ERP+Shopping cart ASP.NET MVC 4.8 application is planned to migrate to .NET 5 MVC Core application. Entity Framework Core with NpgSql data provider is planned to use.

MVC 4.8 application does no use any async method.

There are async methods in .NET 5 for Data Accesss like ToListAsync(), ExecuteSqlInterpolatedAsync().

Samples of Core MVC Controllers return async tasks like

    [HttpPost]
    public async Task<IActionResult> LogOn(LogOnModel model, string returnUrl,
        [FromServices] ShoppingCart shoppingcart
        )

There will be 100 human users. Application has also Web API providing json data over http. Shopping cart part allows anonynous access an is scanned by search engines.

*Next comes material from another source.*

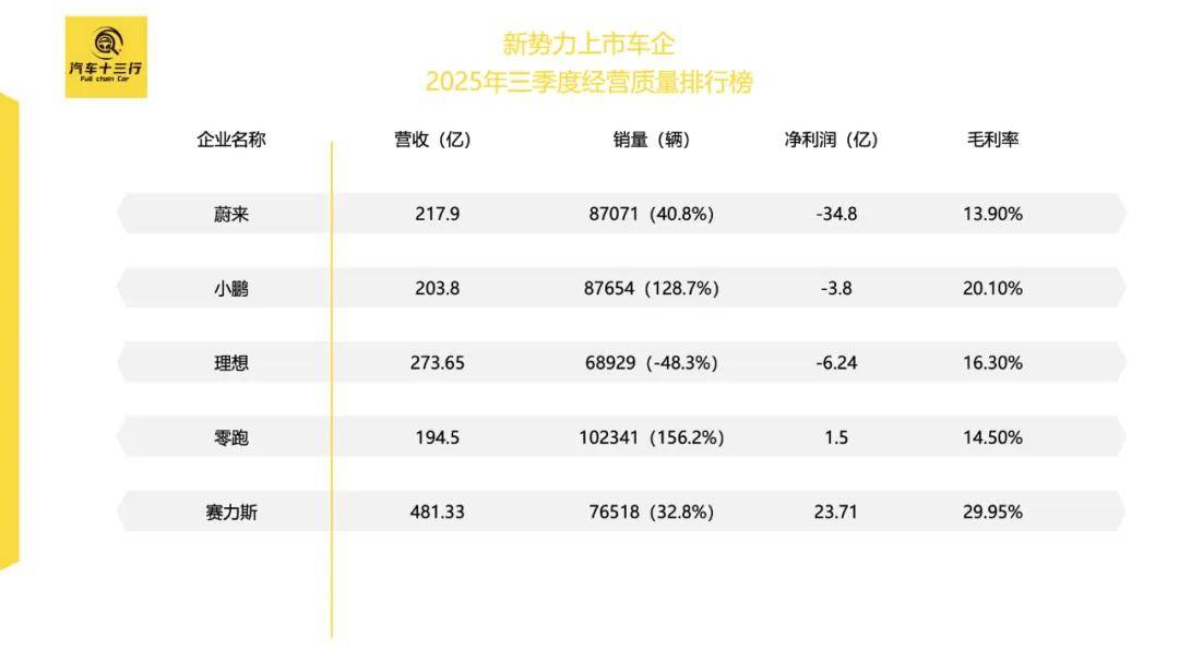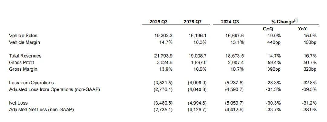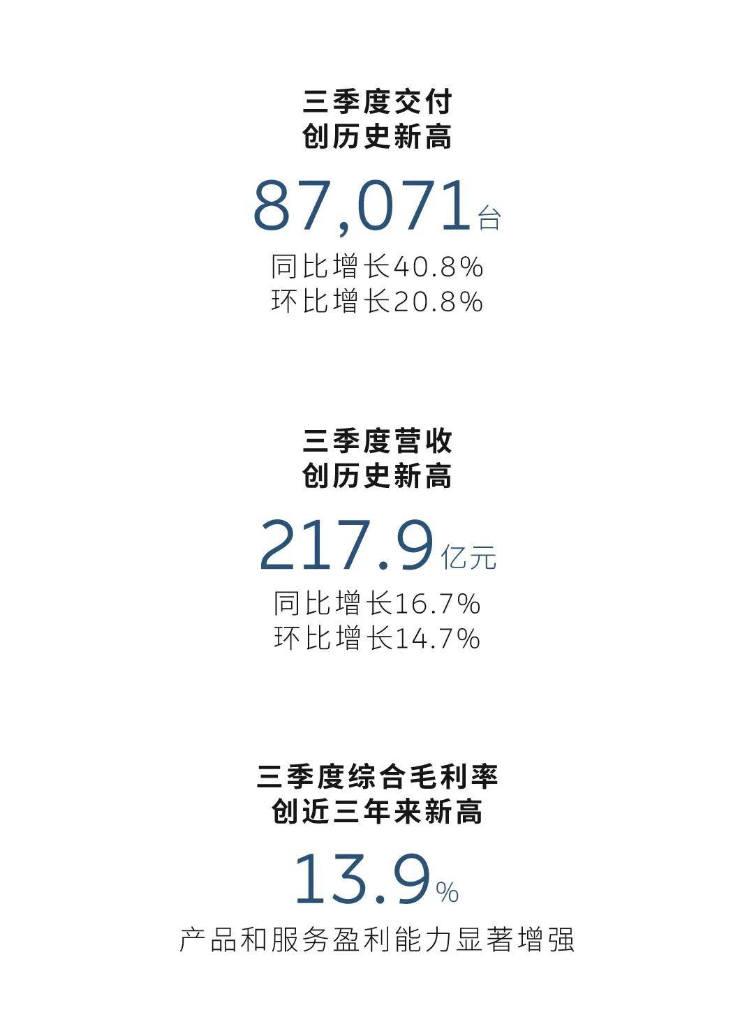 11月25日,蔚來發布2025年第三季度財報,第三季度新車交付87,071輛,同比大漲40.8%,營收217.9億元,綜合毛利率13.9%、整車毛利率14.7%,給足了外界四季度盈利預期。

Ngpsql has connation pooling support so multiple connections are added automatically. Application is hosted in Debian Linux VPS server with 4 Cores using Apache.

VSP has 20 GB of RAM so lot of data is cached by Linux. However probably most of time is still consumed by reading data from Postgres database. Most controllers read and write data to/from database.

Answer in

https://forums.asp.net/t/2136711.aspx?Should+I+always+prefer+async+actions+over+sync+actions+

recommends to use async methods for data access always.

Answer in Always using Async in an ASP.NET MVC Controller

recommends not to use async always.

Conclusion from https://gokhansengun.com/asp-net-mvc-and-web-api-comparison-of-async-or-sync-actions/ states

However async actions do not come with zero cost, writing async code requires more care, proficiency and it has its own challenges.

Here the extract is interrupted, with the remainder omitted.